WHAT THE TASK REQUIRES: From the entries below, return only the lines starting at the one that contains "在走访宿舍中,处级领导干部面" and ending at the one that contains "Sign into Dev-Docs", exactly as they stand.

RECORDS FOR THIS TASK:
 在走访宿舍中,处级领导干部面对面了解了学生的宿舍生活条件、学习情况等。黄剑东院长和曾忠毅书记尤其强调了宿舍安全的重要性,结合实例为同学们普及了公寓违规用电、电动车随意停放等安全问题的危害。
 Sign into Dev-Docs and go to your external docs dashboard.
* * *
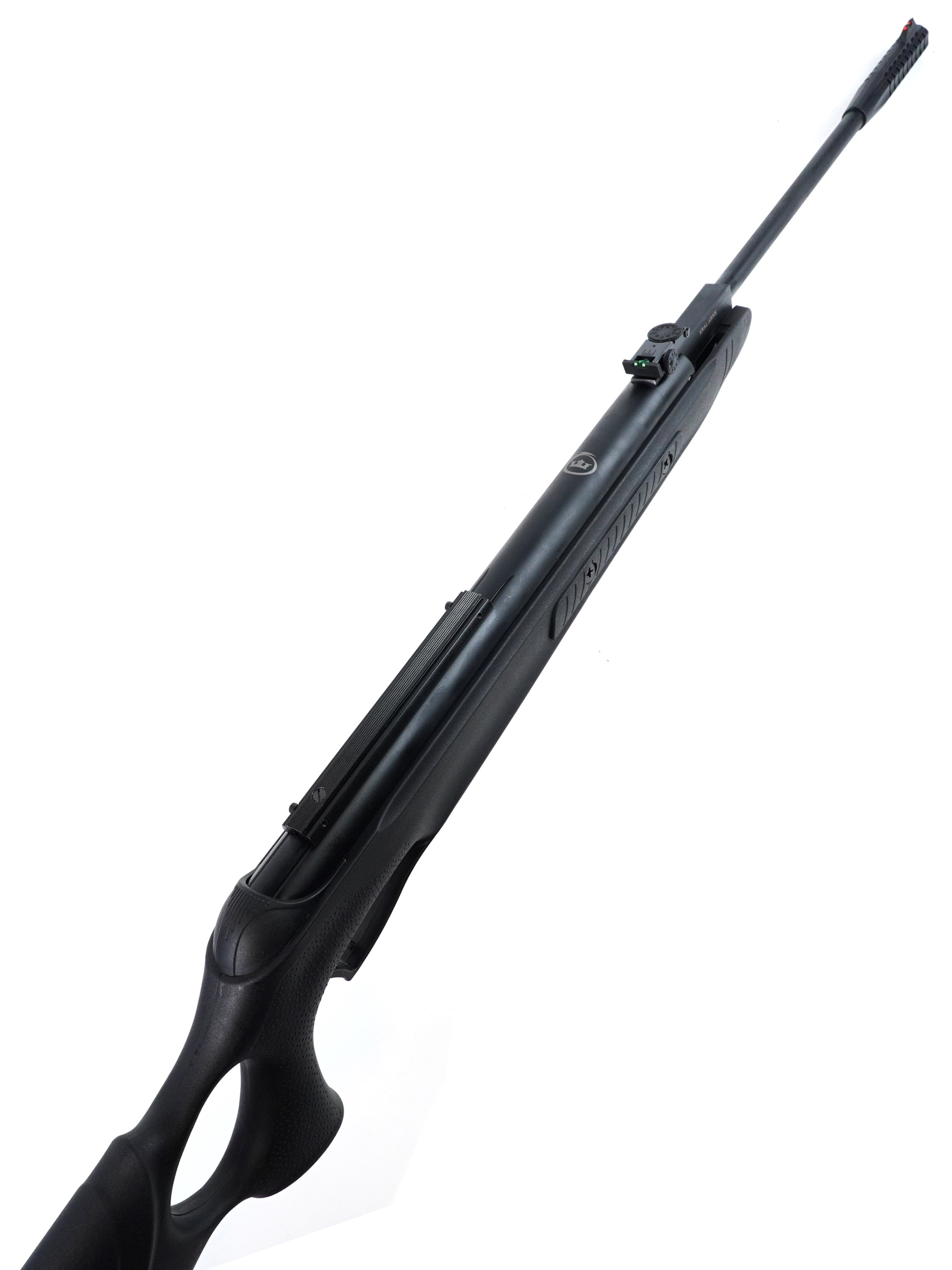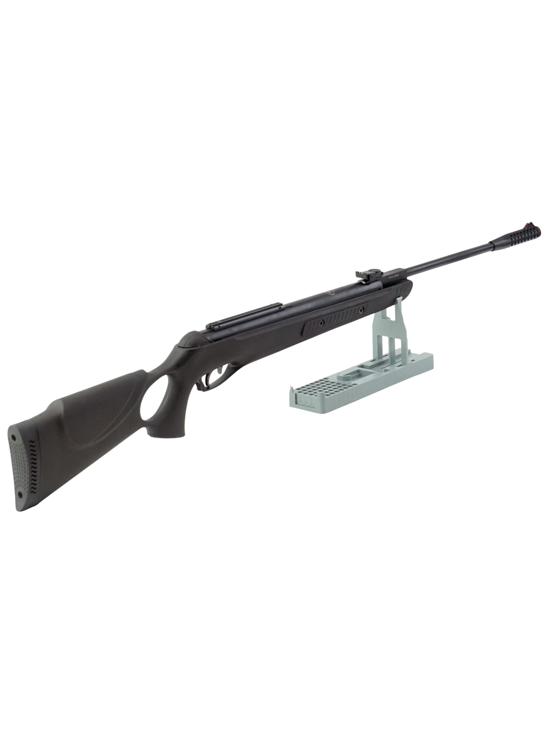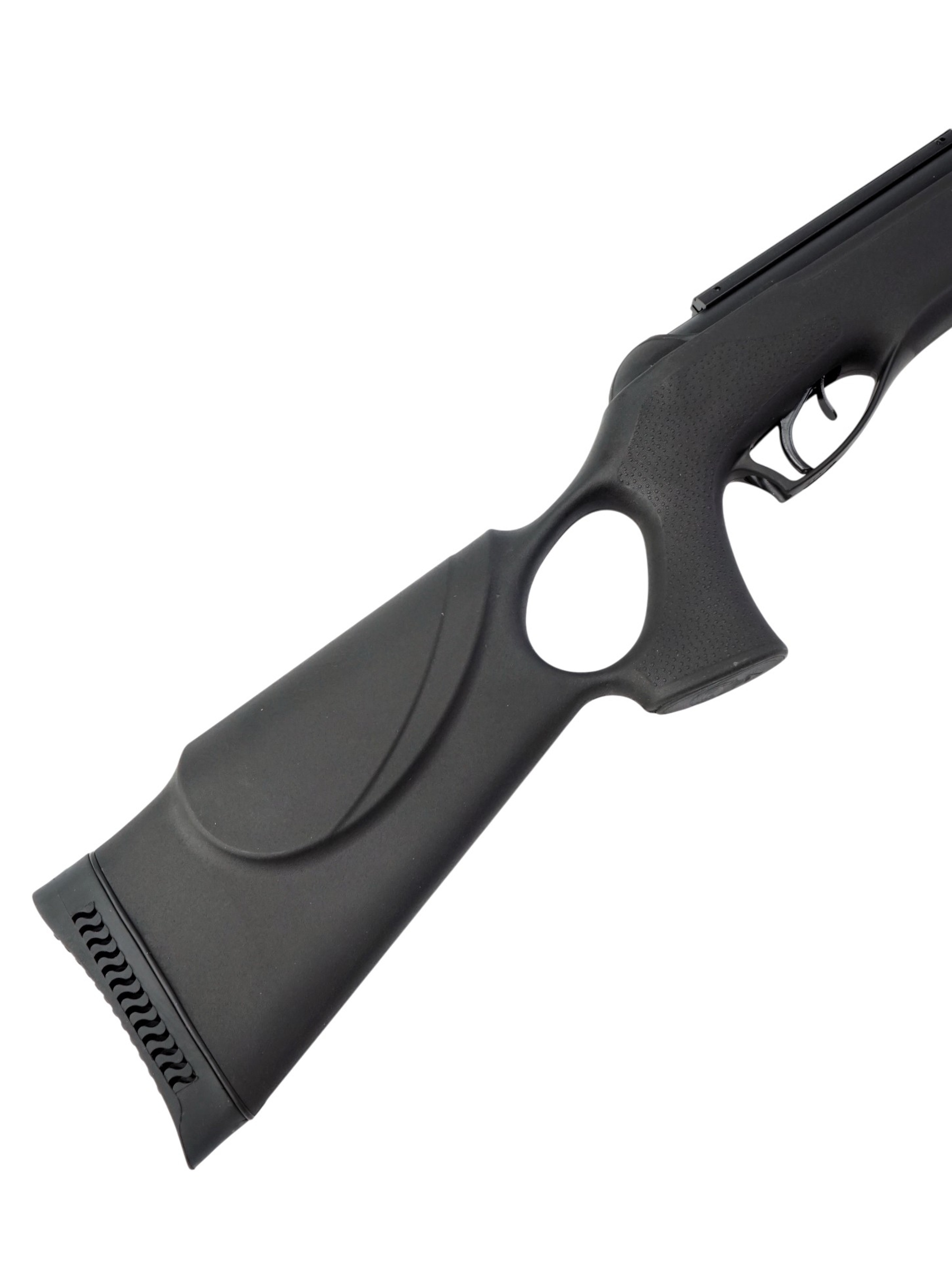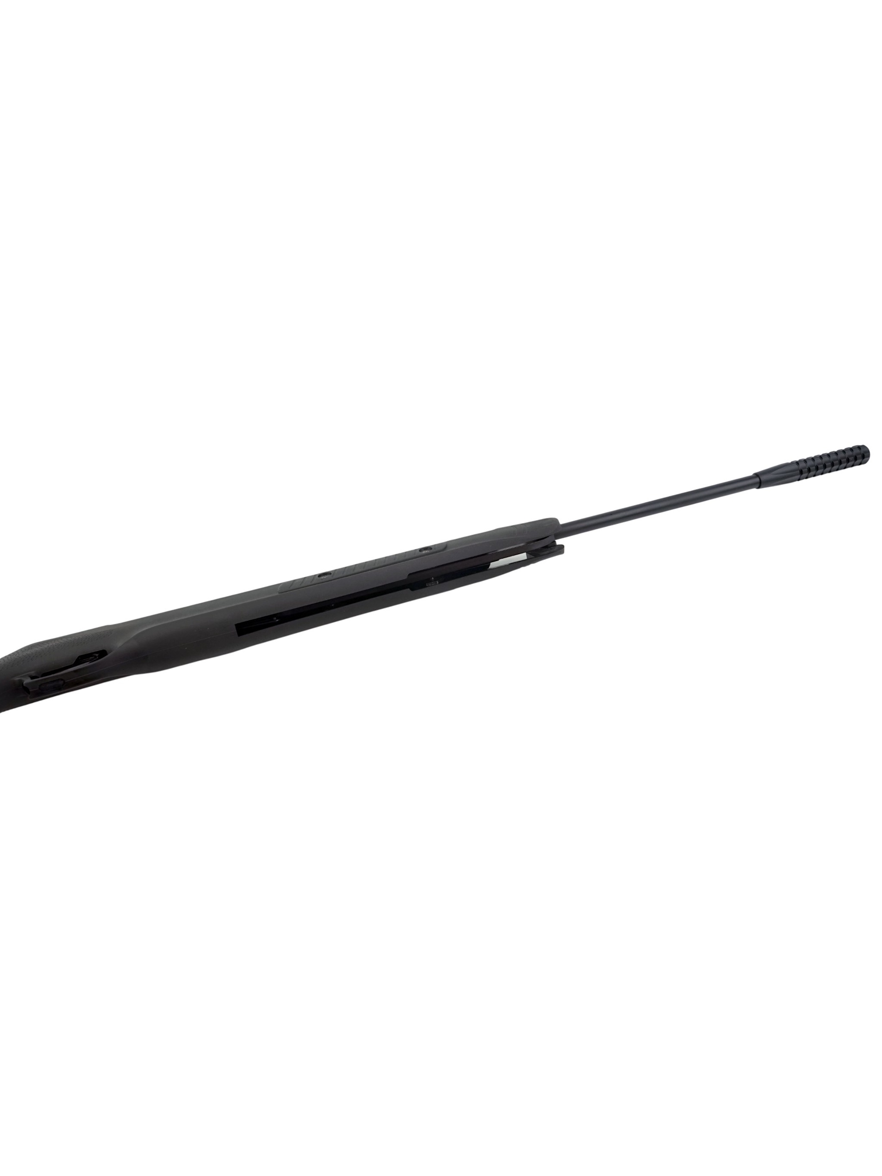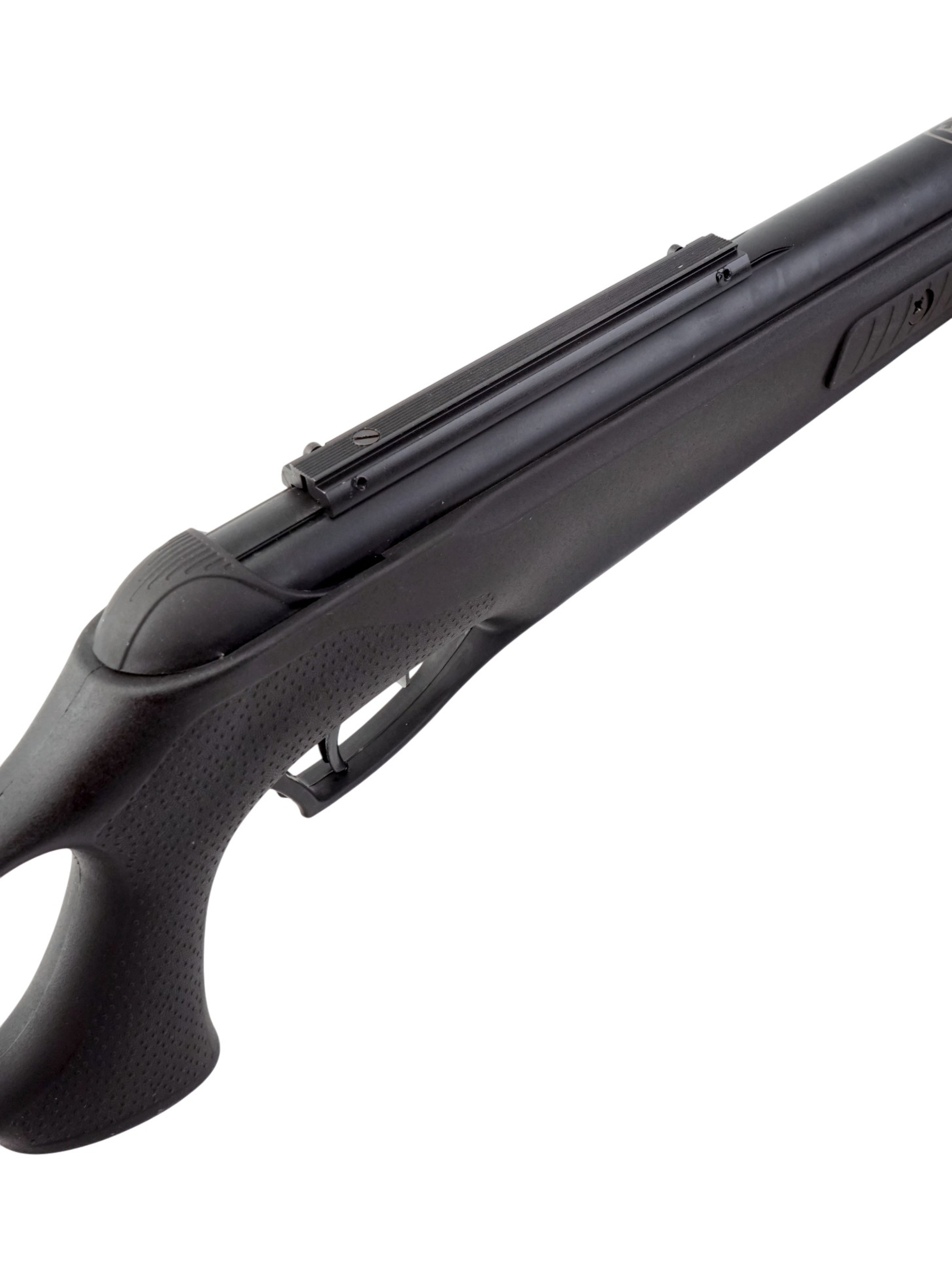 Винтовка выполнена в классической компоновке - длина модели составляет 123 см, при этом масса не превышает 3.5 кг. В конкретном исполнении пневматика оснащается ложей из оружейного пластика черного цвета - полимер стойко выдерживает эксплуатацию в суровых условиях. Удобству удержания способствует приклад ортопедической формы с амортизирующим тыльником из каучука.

OUTPUT OF THE TASK:
 在走访宿舍中,处级领导干部面对面了解了学生的宿舍生活条件、学习情况等。黄剑东院长和曾忠毅书记尤其强调了宿舍安全的重要性,结合实例为同学们普及了公寓违规用电、电动车随意停放等安全问题的危害。
 Sign into Dev-Docs and go to your external docs dashboard.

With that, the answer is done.